Owens also lamented the resignation of Atlanta Police Chief Erika Shields and expressed displeasure over her perception that the black community was being associated with riots:

Larry Elder, meanwhile, noted that “the cop was required to arrest him, required to make sure he doesn’t get back in the car, required to have the car impounded.”

And then there’s the matter of the crimes that Brooks would have been charged with, written in a June 21 memo by Detective Al Hogan, the Atlanta homicide detective who was sent out to investigate the shooting while Brooks was still alive.

In the memo, Hogan says he would have charged Brooks with two counts of felony obstruction, two counts of aggravated assault against a police officer, two counts of battery against a police officer, DUI, theft by taking, removal of a weapon from a public official and robbery.

“My investigation showed that [Rayshard] Brooks’s behavior did in fact warrant several criminal charges, but before I was able to pursue the charges I was informed that [Rayshard] Brooks had died, negating the necessity for that portion of my investigation,” he wrote.

That’s a pretty extensive list and a good idea of what police were dealing with.

And then there’s also the problematic element of Fulton County District Attorney Paul Howard, who’s fighting for his political life. Howard, who’s running for a seventh term, finished behind former assistant Fani Willis in a primary held in early June. Since neither candidate got the required 50 percent — according to CNN, Willis got 42 percent compared to Howard’s 35 percent — the race goes to a runoff in August.

The Georgia Sheriff’s Association called the charges against Wolfe and his partner, Devin Brosnan, a “grandstanding vote-seeking tactic,” arguing they were “more about [Howard’s] re-election than justice for the officers involved, the Atlanta Police Department and the citizens of our state.”

Part of the problem rests in ethics violations against Howard, who allegedly didn’t disclose he was augmenting his salary with positions atop two nonprofits.

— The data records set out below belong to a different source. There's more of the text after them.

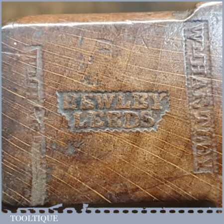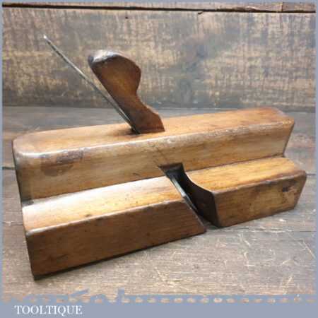 Antique Bewley of Leeds (1798-1847) large Grecian ogee beechwood moulding plane with boxwood insert, in good used condition.
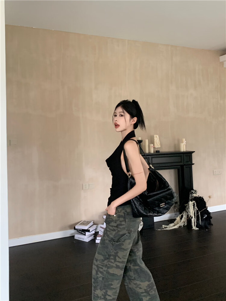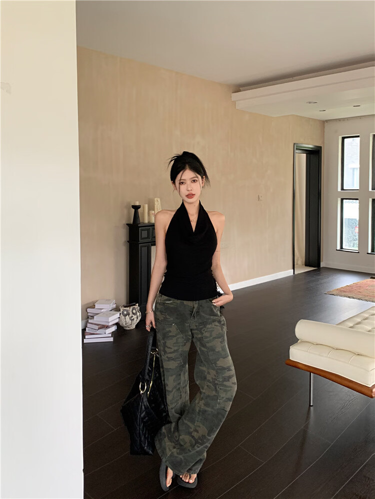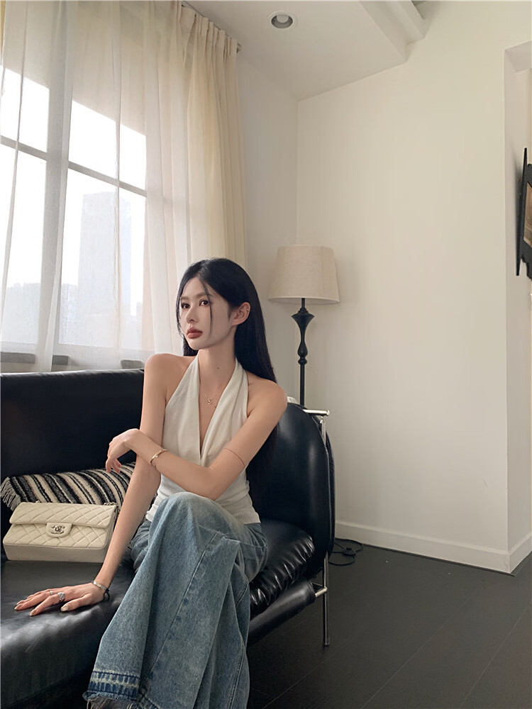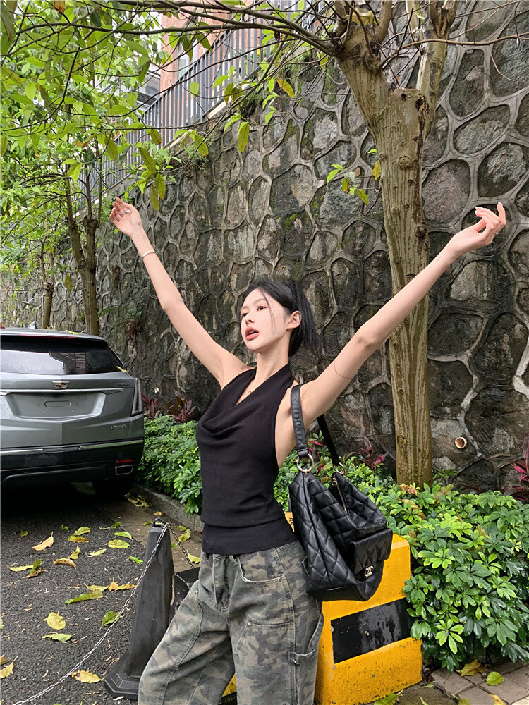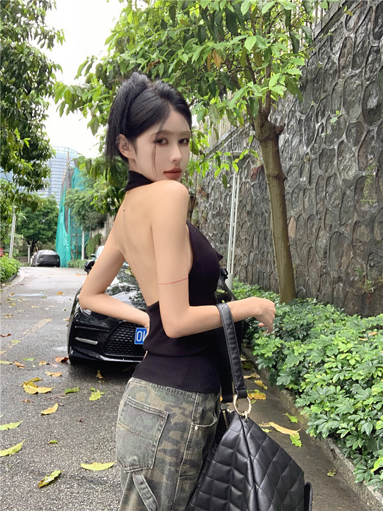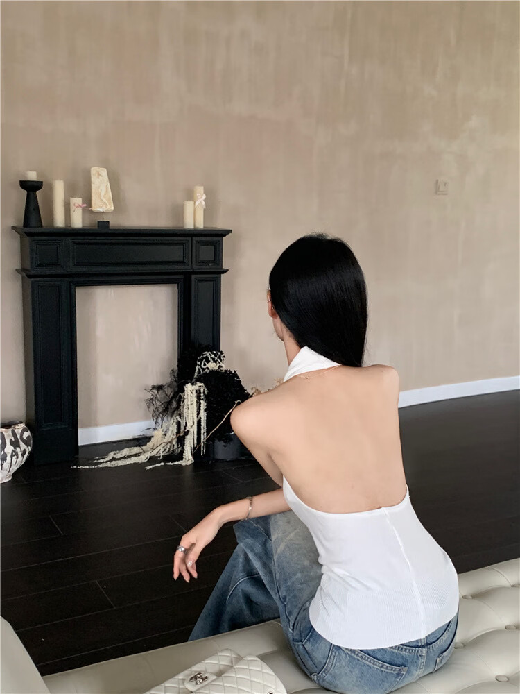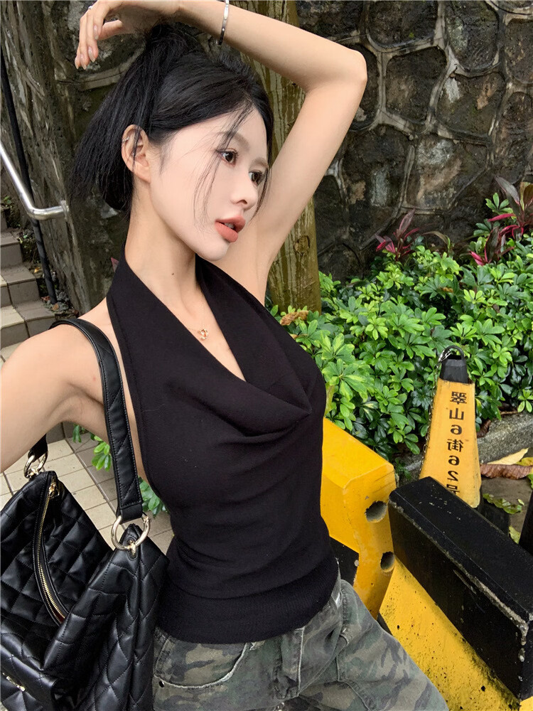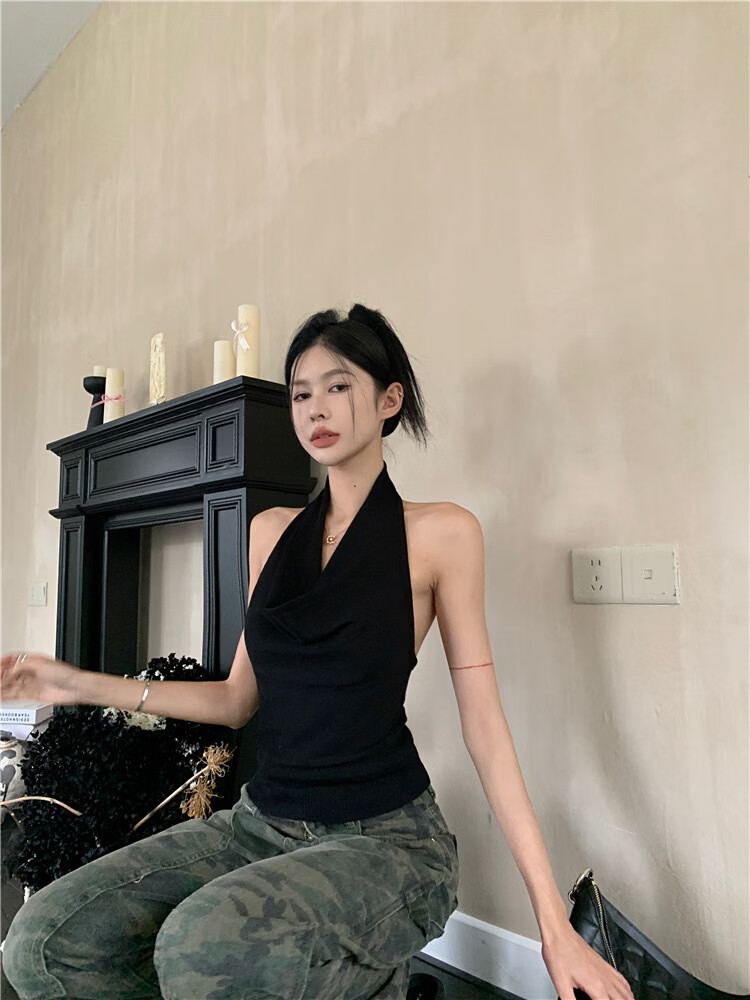 Hot girl sexy swing collar halter top for women summer slim design black sleeveless backless top for outer wear black one size
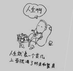 除了词语之外,有关“杯具”的句子也被网友们“发展”了一下,其中最著名的“人生就像一张茶几,上面摆满了杯具”一句,便被称为“人生是个杯具”之后的杯具箴言2.0版本。记者了解到,此句是网友仿照张爱玲的“人生是一袭华美的袍,上面爬满了虱子”改写而成。
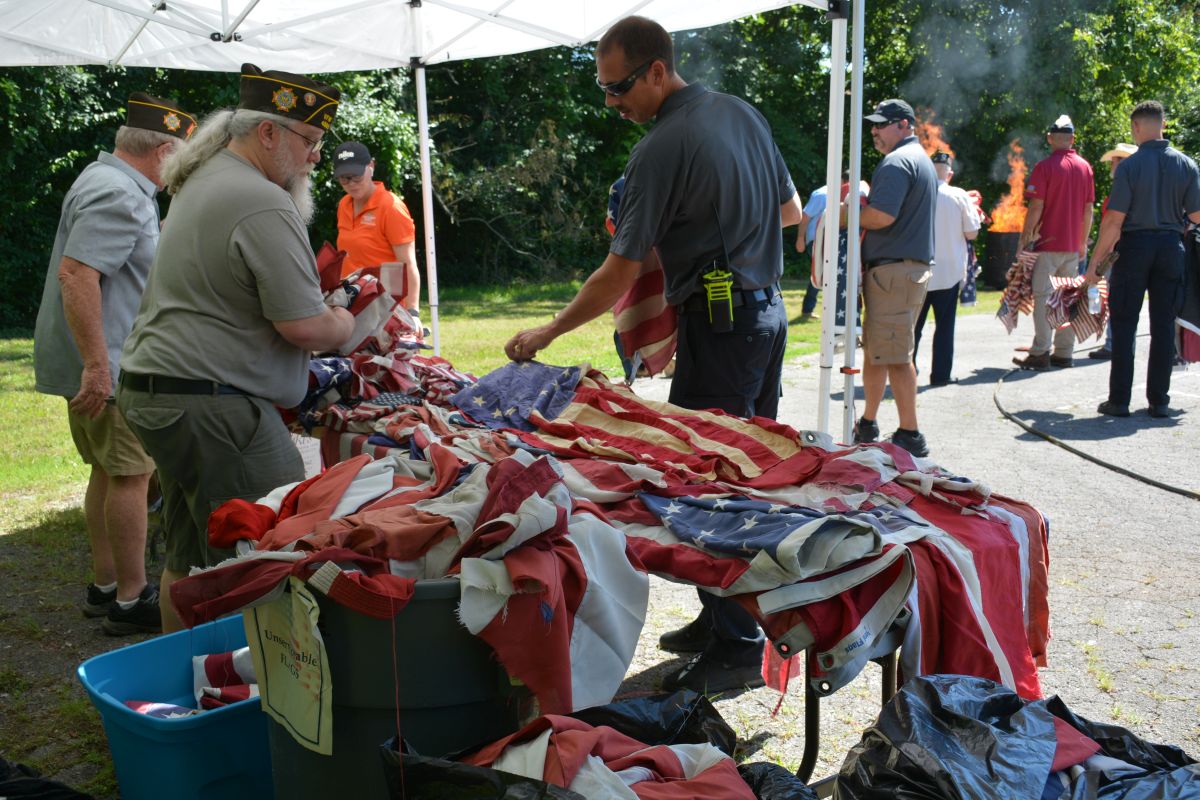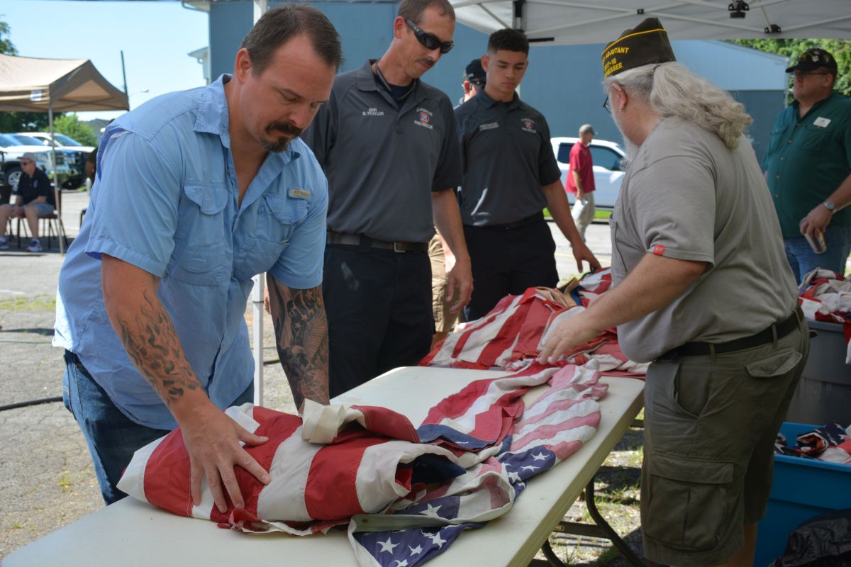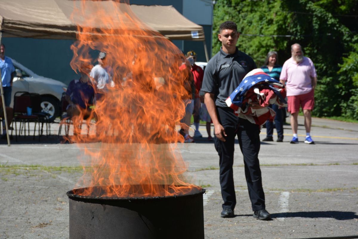Close to 600 worn, damaged, and non-serviceable American and Tennessee state flags were properly destroyed, by burning in a dignified manner at the ceremony. The event takes place each year on June 14, which is the date the U.S. flag was chartered by Congress in 1777.

In short, the Rayshard Brooks case is a complicated one. It doesn’t fit easily into the narrative — but darned if the media isn’t going to try as hard as possible to fit it in their box.

If this case goes to trial, however — and it almost certainly appears destined for that — these facts are going to come out.

The jury might indeed find the officers guilty, but it’s not going to be quite as straightforward than the white-cop-black-man narrative the media desperately wants to portray this as.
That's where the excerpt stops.